╭──
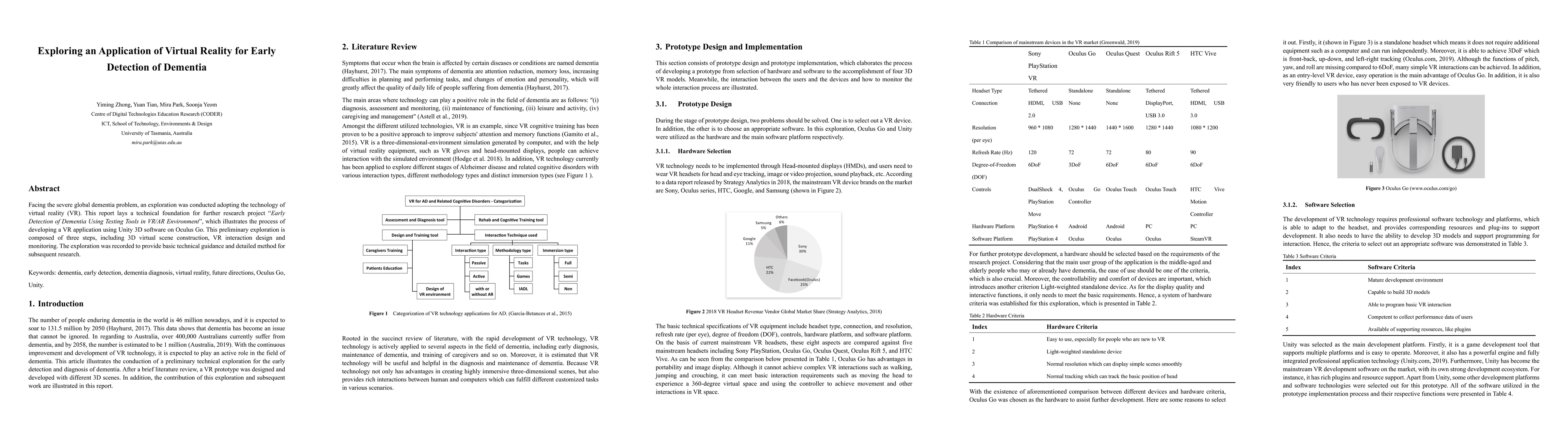 This paper explores the use of virtual reality (VR) for early dementia detection, detailing the development of a VR application in Unity 3D for Oculus Go. The study outlines three main steps: constructing a 3D virtual scene, designing VR interactions, and monitoring the process for future research.
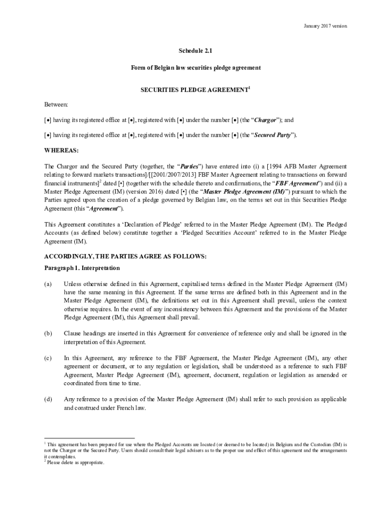 Get the free Form of Belgian law securities pledge agreement
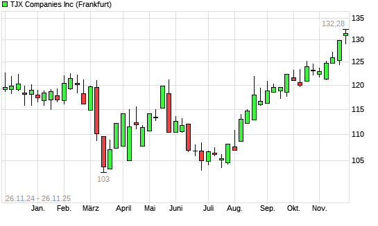 Mit dem Anstieg auf 131,88 EUR hat die TJX Companies-Aktie (ISIN US8725401090) am 25.11.2025 ein neues All-Time-High erreicht und damit den Kurs vom 24.11.2025 eingestellt.
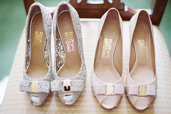 Mẫu giầy cưới hở mũi thanh lịch, trẻ trung của thương hiệu Salvatore Ferragamo với chiếc nơ vải huyền thoại được gắn ở mũi giầy.
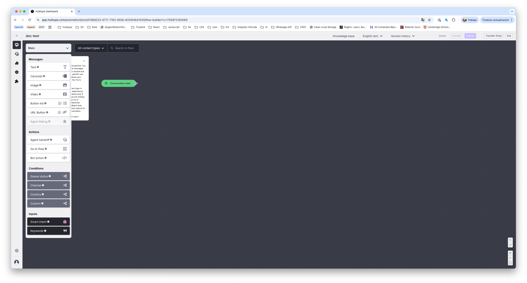 - Bot creation is part of the product. After creating the bot, it is necessary to enter the flow builder and create a flow. Once the flow is created, integrations must be set up in order to interact with the bot.
╰──
■ Activity
Give back the full listing verbatim, skipping each picture.

■ Task output
 This paper explores the use of virtual reality (VR) for early dementia detection, detailing the development of a VR application in Unity 3D for Oculus Go. The study outlines three main steps: constructing a 3D virtual scene, designing VR interactions, and monitoring the process for future research.
 Get the free Form of Belgian law securities pledge agreement
 Mit dem Anstieg auf 131,88 EUR hat die TJX Companies-Aktie (ISIN US8725401090) am 25.11.2025 ein neues All-Time-High erreicht und damit den Kurs vom 24.11.2025 eingestellt.
 Mẫu giầy cưới hở mũi thanh lịch, trẻ trung của thương hiệu Salvatore Ferragamo với chiếc nơ vải huyền thoại được gắn ở mũi giầy.
 - Bot creation is part of the product. After creating the bot, it is necessary to enter the flow builder and create a flow. Once the flow is created, integrations must be set up in order to interact with the bot.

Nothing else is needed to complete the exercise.